Уточним: мы не те совки, которые в виде осколков сохранились в русских после крушения понятия «советский народ». Мы стали совками, на которые вот уже 20 с лишком лет метут в немеряных количества всякий мусор как отечественные ненавистники всего советского, так и разного рода зарубежные психоаналитики. Зачем метут? Чтобы сделать пространство вокруг себя чище? Может быть. А может, просто из чувства брезгливости к нам, кто так и не научился уважать себя, ценить себя, выращивать в себе и лелеять не ту собственность, в которую оборачивается всё вокруг нас, включая нас самих, а собственное достоинство.

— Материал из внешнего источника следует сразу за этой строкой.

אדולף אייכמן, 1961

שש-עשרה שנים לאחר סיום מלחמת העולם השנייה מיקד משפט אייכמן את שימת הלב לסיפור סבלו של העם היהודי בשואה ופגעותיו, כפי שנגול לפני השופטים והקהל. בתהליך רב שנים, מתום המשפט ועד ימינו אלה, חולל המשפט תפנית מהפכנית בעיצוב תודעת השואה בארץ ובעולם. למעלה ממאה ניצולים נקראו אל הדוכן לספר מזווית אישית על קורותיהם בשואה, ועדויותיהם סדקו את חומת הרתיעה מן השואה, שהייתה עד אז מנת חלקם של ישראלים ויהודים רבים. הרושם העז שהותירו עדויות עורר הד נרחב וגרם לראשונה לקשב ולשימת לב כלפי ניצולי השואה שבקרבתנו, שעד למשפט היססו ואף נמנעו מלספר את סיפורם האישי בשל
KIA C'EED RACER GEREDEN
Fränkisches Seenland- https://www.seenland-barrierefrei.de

Вот и превратились мы в больных люди в больной стране. У патриарха Московского и всея Руси Алексия II, лучше многих политиков и политологов понимавших и особенности русской ментальности, и наш врожденный вождизм, были все основания сказать, обращаясь во время церемонии инаугурации к Ельцину в июле 1991 года:
«В эти минуты, первые минуты первого президента России, я хотел бы обратиться к вам со словом о России. Мой долг патриарха в этот день сказать вам слова о том, какую ношу вы принимаете на себя. Вы приняли ответственность за страну, которая тяжело больна. Семь десятилетий разрушения ее духовного строя и внутреннего единства сопровождались укреплением внешних тяжких обручей принудительной государственности. Три поколения людей выросли в условиях, отбивавших у них желание и способность трудиться.

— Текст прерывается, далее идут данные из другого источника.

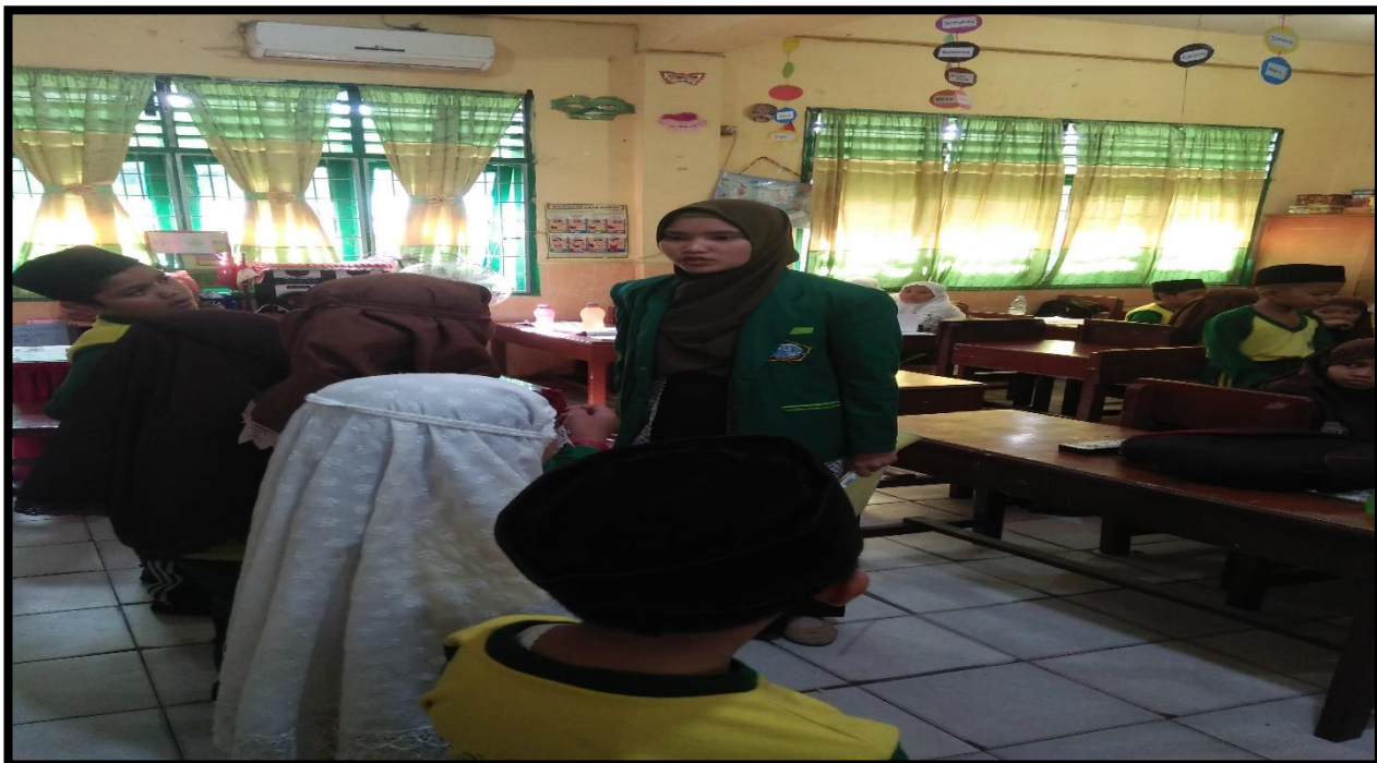
Gambar 4. Masing-masing ketua kelompok menemui guru untuk mendapatkan penjelasan materi dari guru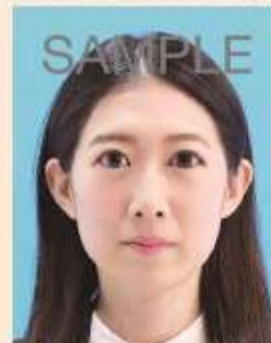
目を大きくしたり、顔のパーツが変形したもの

目を大きく見せたり、美白処理、顔パーツやほくろ、しわなどを修正するなどして、本人のイメージを変えることは、いかなる場合でも不適当です。また、左右反転※した写真は不適当です。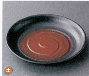
15704-134 赤吹8寸皿 2,700円 (25.3×3.8cm)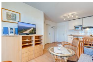
Wohnbereich, Essbereich, Küchenzeile

1. Reihe, direkt an der Strandpromenade mit BALKON und FAHRSTUHL im Haus! Schönes gemütliches 2-Zimmer-Apartment mit moderner guter Ausstattung. Separates Schlafzimmer, Wohnzimmer mit Küchenzeile und Essplatz, Duschbad, Balkon nach Osten - zum Frühstück in der Sonne mit ausschnittweisem Seeblick. Die Wohnung verfügt über einen Tiefgaragen-Pkw-Stellplatz. In der Garage können auch Fahrräder und ähnliches untergestellt werden. In unserer "Villa Germania" nebenan gibt es eine Sauna. Von der "Villa Aquamarina" sind es zum Ortszentrum und der Seebrücke ca. 3 Minuten zu Fuß. Zum Strand sind es 50 m.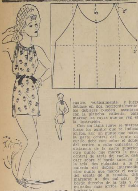
UN TRAJE DE BASO COMO-DO Y ORIGINAL

Si a usted no le queda bien la ropa de baño estrecha y horrida al cuerpo, si tiene predilección por líneas sueltas y más suaves que las de los trajes de baño comunes, le ofrecemos aquí un nuevo modelo de playa que indudablemente le gustará. Este modelo, hecho de tela sin pliegues, es muy sencillo y cómodo. He aquí cómo se corta. Corte una pieza de tela que sea dos pulgadas más ancha que la dimensión de su cintura y que sea dos pulgadas más larga que la longitud que hay entre la base del cuello y la parte de la pierna hasta donde usted desee que llegue el traje. Doblése el modelo de tela en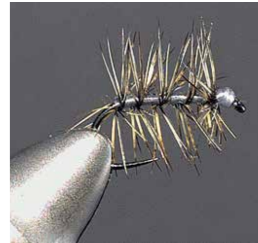
Spärlich gebunden – die Apotheker

Die Apotheker ist eine Herbstfliege, die von der Wiesent in der Fränkischen Schweiz stammt, aber auch an anderen Flüssen die Fische zum Steigen bringt. Es ist eigentlich eine ganz einfache Fliege, die mit wenig Material gebunden wird. Eine gepalmete Hechel ist eigentlich schon alles. Stehen die Fische auf Minimahlzeiten, ist sie ab #18 ein wahres Ass in der Box. Hinter dem Muster steckt eine kleine Geschichte: Ein Apotheker fragte bei der ehemaligen Firma „Bavaria Fischereigeräte“ in Hollfeld nach einer bestimmten Fliege – eben diesem Muster. Inhaberin Bischof nahm die Fliege später in ihr Sortiment auf. Da aber keiner mehr den Namen des Apothekers wusste, erhielt sie ganz einfach die Berufsbezeichnung als Titel. Sie wird in verschiedenen Farben gebunden. Neben der traditionellen Grizz-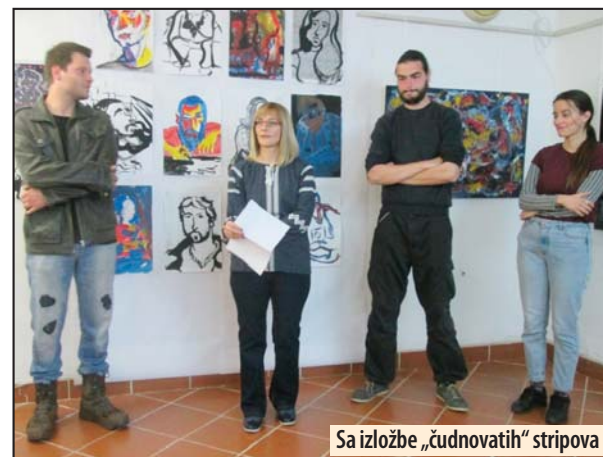
Sa izložbe „čudnovatih“ stripova

- Ona voli umetnost i životinje i ima životnu radost. Zbog toga i pravi sve te divne uloge koje svi obožavamo, kazala je Dragičević. Svetozar Cvetković je u čast svoje koleginice otpjevao pesmu „Smile“ (osmeh) Net King Kola i kazao da je ona velika divna tajna, a Jelica Sretenović da je san svake srpske glumice da dobije nagradu „Žanka Stokić“, koja je simbol profesije. Z. V.

Борис Николаевич, я напоминаю вам это для того, чтобы терпимость и мудрость никогда не оставляли вас. Прощайте людей. Я говорю не только о ваших политических оппонентах или о сотрудниках, но и обо всех россиянах – их нельзя переделать ни за ночь, ни за пятьсот дней. Больное общество и столь много пережившие люди нуждаются в понимании, любви и терпимости. Поэтому надлежит нам чаще вспоминать слова апостола: “Друг друга тяготы носите и тако исполните Закон Христов”.
На вас выбором народа возложен тяжкий крест. Ответственность же вы несете не только перед народом, но и перед Богом. Вы приняли не честь, не привилегии, но ответственность…»
Надо ли говорить, что ничего из напутственного слова патриарха Ельцин не выполнил? И свидетельством тому – вся новейшая история, начавшаяся с развала СССР и продолжающаяся поныне. Но это уже тема для отдельной книги.